IPR — in-progress review.
intelligence — 1. The product resulting from the collection, processing, integration, evaluation,
analysis, and interpretation of available information concerning foreign nations, hostile or
potentially hostile forces or elements, or areas of actual or potential operations. 2. The activities
that result in the product. 3. The organizations engaged in such activities.
intelligence requirement (IR) — 1. Any subject, general or specific, upon which there is a need
for the collection of information, or the production of intelligence. 2. A requirement for
intelligence to fill a gap in the command's knowledge or understanding of the operational
environment or threat forces.
intelligence, surveillance, and reconnaissance (ISR) — An activity that synchronizes and
integrates the planning and operation of sensors, assets, and processing, exploitation, and
dissemination systems in direct support of current and future operations.
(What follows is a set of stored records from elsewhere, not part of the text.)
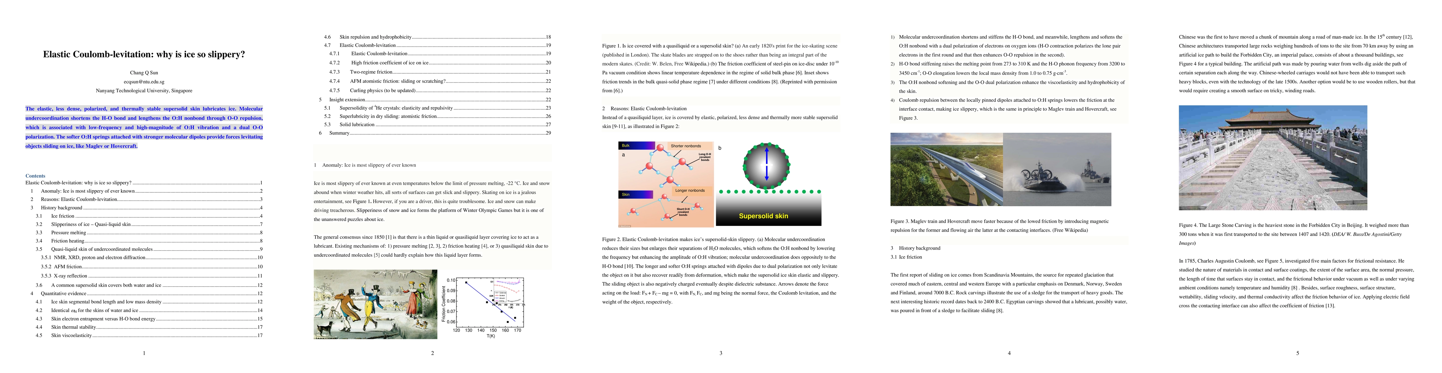 Elastic Coulomb-levitation occurs when ice's slippery surface is lubricated by a supersolid skin with short H-O bonds and strong molecular dipoles, enabling objects to levitate on ice.
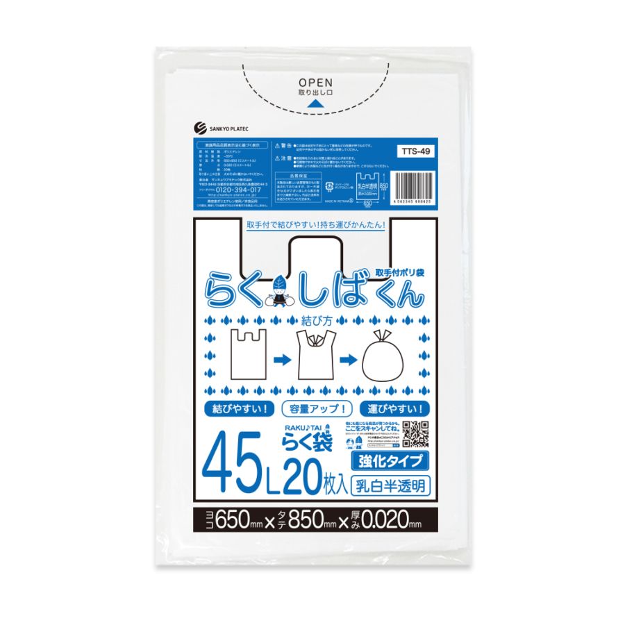 取手付ポリ袋 45リットル 0.020mm厚 乳白半透明(20枚×40冊)
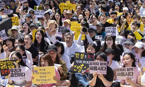 "I have learned that we have no future after forgetting history. I came here because I agree with it ... Abe's apology to comfort women grannies will be an opportunity to stop (confrontational) relations (between South Korea and Japan)," Kim Kyung-hee in her 50s told Xinhua during the Wednesday demonstration.
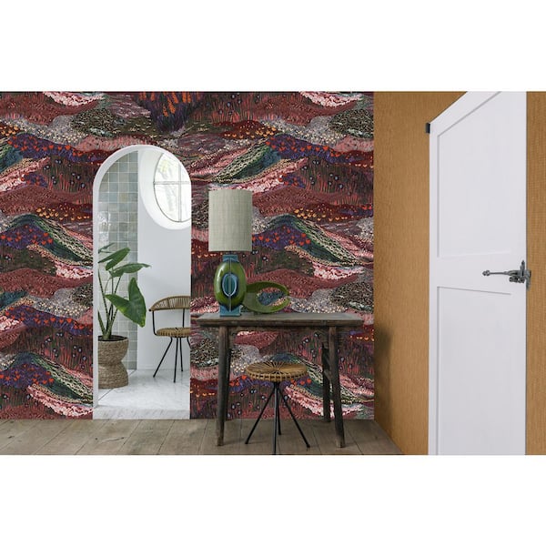 Burgundy Panoramic Valleys Print Non Woven Non-Pasted Textured Wallpaper 68 sq. ft.
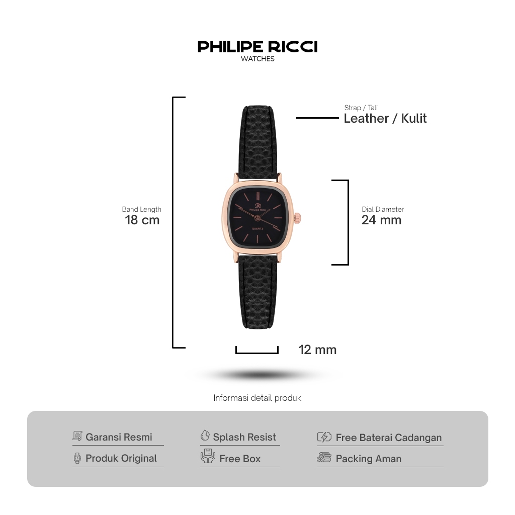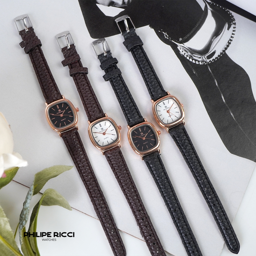 Jam Tangan Wanita Kotak Kecil Tali Kulit Korean Style Free Box – Philipe Ricci 7545
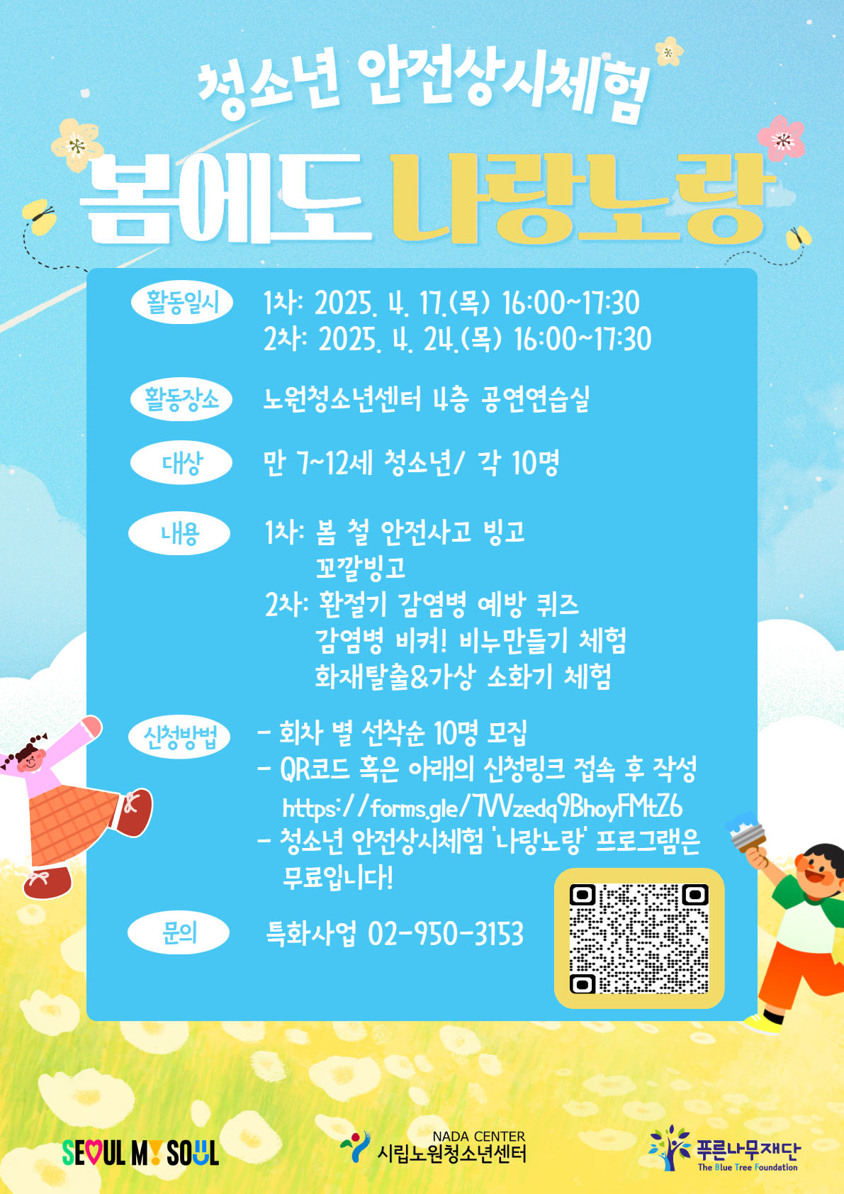 안녕하세요 노원청소년센터 특화사업팀입니다! 따뜻한 봄을 맞이해 2025년 4월 안전상시체험 '나랑노랑'이 돌아왔습니다!

This is an integrated
intelligence and operations function.
J-1 — manpower and personnel directorate of a joint staff; manpower and personnel staff
section.
J-2 — intelligence directorate of a joint staff; intelligence staff section.
J-3 — operations directorate of a joint staff; operations staff section.
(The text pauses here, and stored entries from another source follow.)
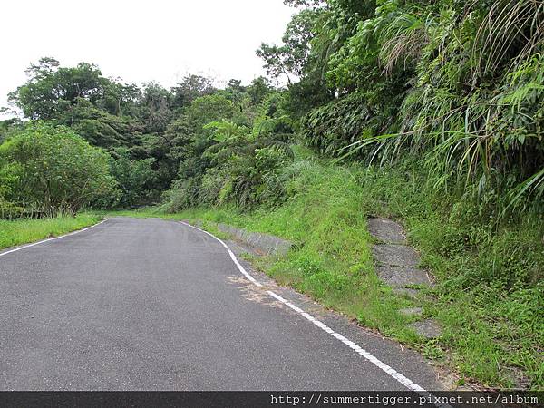 到底就會看到一個小村莊,就是新寮大厝,這有公廁可以使用。繞過小村莊後走到小叉路往左轉,努力地向前走就能看到廢棄的野人谷,這時候要直直地穿過停車場,在廢棄售票亭旁有一條小路往上,往那邊走就對了,千萬別往右邊的大柏油路衝,那邊不是往大華的方向,接著就是一段滿長的山路了,這時候已經有點累了,但又想趕上14:45分的火車,所以沿途就沒有照相記錄了。
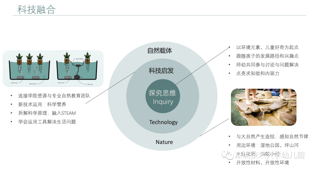 園舍內(nèi),聯(lián)動(dòng)大學(xué)學(xué)院資源和專(zhuān)業(yè)自然教育團(tuán)隊(duì)打造自然教育場(chǎng)所,使得科技與自然在幼兒環(huán)境中有機(jī)結(jié)合。自然在前,技術(shù)運(yùn)用在后,孩子將用探究的眼光發(fā)現(xiàn)如何運(yùn)用技術(shù)解決生活問(wèn)題。
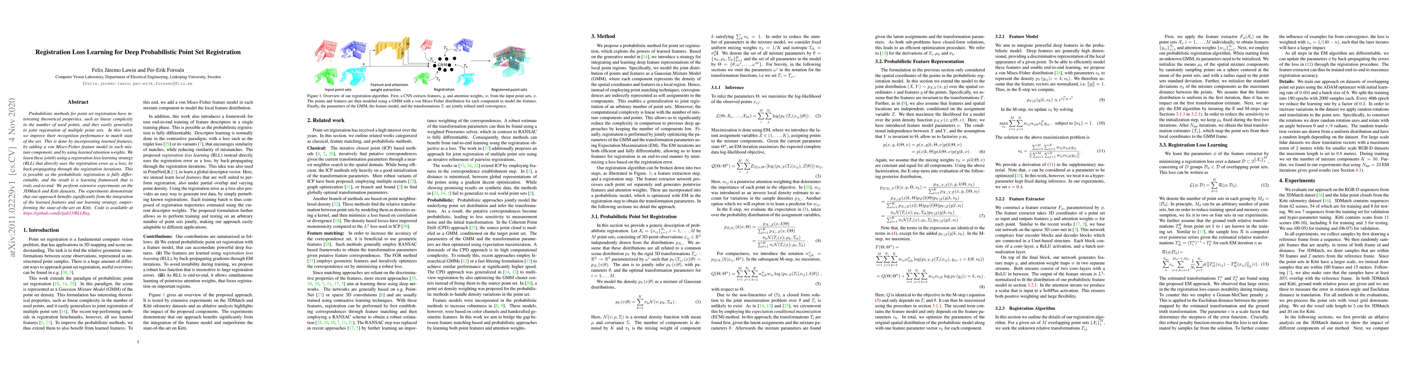 Probabilistic methods for point set registration have interesting theoretical properties, such as linear complexity in the number of used points, and they easily generalize to joint registration of multiple point sets. In this work, we improve their recognition performance to match state of the art. This is done by incorporating learned features, by adding a von Mises-Fisher feature model in each mixture component, and by using learned attention weights. We learn these jointly using a registration loss learning strategy (RLL) that directly uses the registration error as a loss, by back-propagating through the registration iterations. This is possible as the probabilistic registration is fully differentiable, and the result is a learning framework that is truly end-to-end. We perform extensive experiments on the 3DMatch and Kitti datasets. The experiments demonstrate that our approach benefits significantly from the integration of the learned features and our learning strategy, outperforming the state-of-the-art on Kitti. Code is available at https://github.com/felja633/RLLReg.
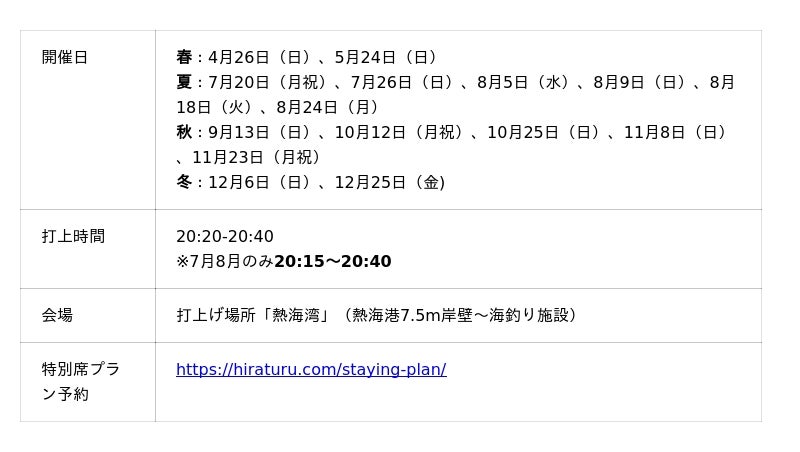 2026年熱海海上花火大会の開催日が決定。四季を彩る年間15回の花火大会では特等席確約の送迎付プラン販売中です!

J-4 — logistics directorate of a joint staff; logistics staff section.
J-5 — plans directorate of a joint staff; plans staff section.
J-6 — communications system directorate of a joint staff; command, control, communications,
and computer systems staff section.
JFHQ-C — Joint Force Headquarters-Cyberspace.
132
JFHQ-DODIN — Joint Force Headquarters-Department of Defense Information Networks.
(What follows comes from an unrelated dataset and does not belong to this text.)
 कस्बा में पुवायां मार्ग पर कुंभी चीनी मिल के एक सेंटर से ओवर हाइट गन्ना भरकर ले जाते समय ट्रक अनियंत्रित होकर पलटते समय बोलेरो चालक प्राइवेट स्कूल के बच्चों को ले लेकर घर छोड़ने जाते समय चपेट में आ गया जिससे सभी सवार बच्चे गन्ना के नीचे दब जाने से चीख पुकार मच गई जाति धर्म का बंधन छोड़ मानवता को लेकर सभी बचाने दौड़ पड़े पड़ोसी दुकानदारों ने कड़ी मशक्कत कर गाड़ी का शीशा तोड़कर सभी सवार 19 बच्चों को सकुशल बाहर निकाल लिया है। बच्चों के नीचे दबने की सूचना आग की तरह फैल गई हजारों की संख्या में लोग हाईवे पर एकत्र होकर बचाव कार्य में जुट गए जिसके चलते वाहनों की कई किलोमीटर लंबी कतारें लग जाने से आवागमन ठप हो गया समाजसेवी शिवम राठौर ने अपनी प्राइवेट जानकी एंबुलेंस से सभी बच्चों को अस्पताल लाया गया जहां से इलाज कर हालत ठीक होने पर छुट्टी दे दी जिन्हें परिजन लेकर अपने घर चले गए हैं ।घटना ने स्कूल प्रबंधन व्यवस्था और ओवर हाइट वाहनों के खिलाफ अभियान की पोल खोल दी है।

joint fires element (JFE) — An optional staff element that provides recommendations to the
operations directorate to accomplish fires planning and synchronization.
joint force commander (JFC) — A general term applied to a combatant commander,
subunified commander, or joint task force commander authorized to exercise combatant
command (command authority) or operational control over a joint force.
joint integrated prioritized target list (JIPTL) — A prioritized list of targets approved and
maintained by the joint force commander.
joint intelligence preparation of the operational environment (JIPOE) — The analytical
process used by joint intelligence organizations to produce intelligence estimates and other
intelligence products in support of the joint force commander's decision-making process.
joint operation planning process (JOPP) — An orderly, analytical process that consists of a
logical set of steps to analyze a mission, select the best course of action, and produce a joint
operation plan or order.
joint operations area (JOA) — An area of land, sea, and airspace, defined by a geographic
combatant commander or subordinate unified commander, in which a joint force commander
(normally a joint task force commander) conducts military operations to accomplish a specific
mission.
joint target list (JTL) — A consolidated list of selected targets, upon which there are no
restrictions placed, considered to have military significance in the joint force commander's
operational area.
joint targeting coordination board (JTCB) — A group formed by the joint force commander to
accomplish broad targeting oversight functions that may include but are not limited to
coordinating targeting information, providing targeting guidance, synchronization, and priorities,
and refining the joint integrated prioritized target list.
joint task force (JTF) — A joint force that is constituted and so designated by the Secretary of
Defense, a combatant commander, a subunified commander, or an existing joint task force
commander.
keylogger — A software program or hardware device that is used to monitor and log each of
the keys a user types into a computer keyboard.
line of effort (LOE) — In the context of joint operation planning, using the purpose (cause and
effect) to focus efforts toward establishing operational and strategic conditions by linking
multiple tasks and missions.
line of operation (LOO) — A line that defines the interior or exterior orientation of the force in
relation to the enemy or that connects actions on nodes and/or decisive points related in time
and space to an objective(s).
logic bomb — A program routine that destroys data by reformatting the hard disk or randomly
inserting garbage into data files.
malware (short for malicious software) — software designed specifically to damage or
disrupt a system, such as a virus or a Trojan Horse.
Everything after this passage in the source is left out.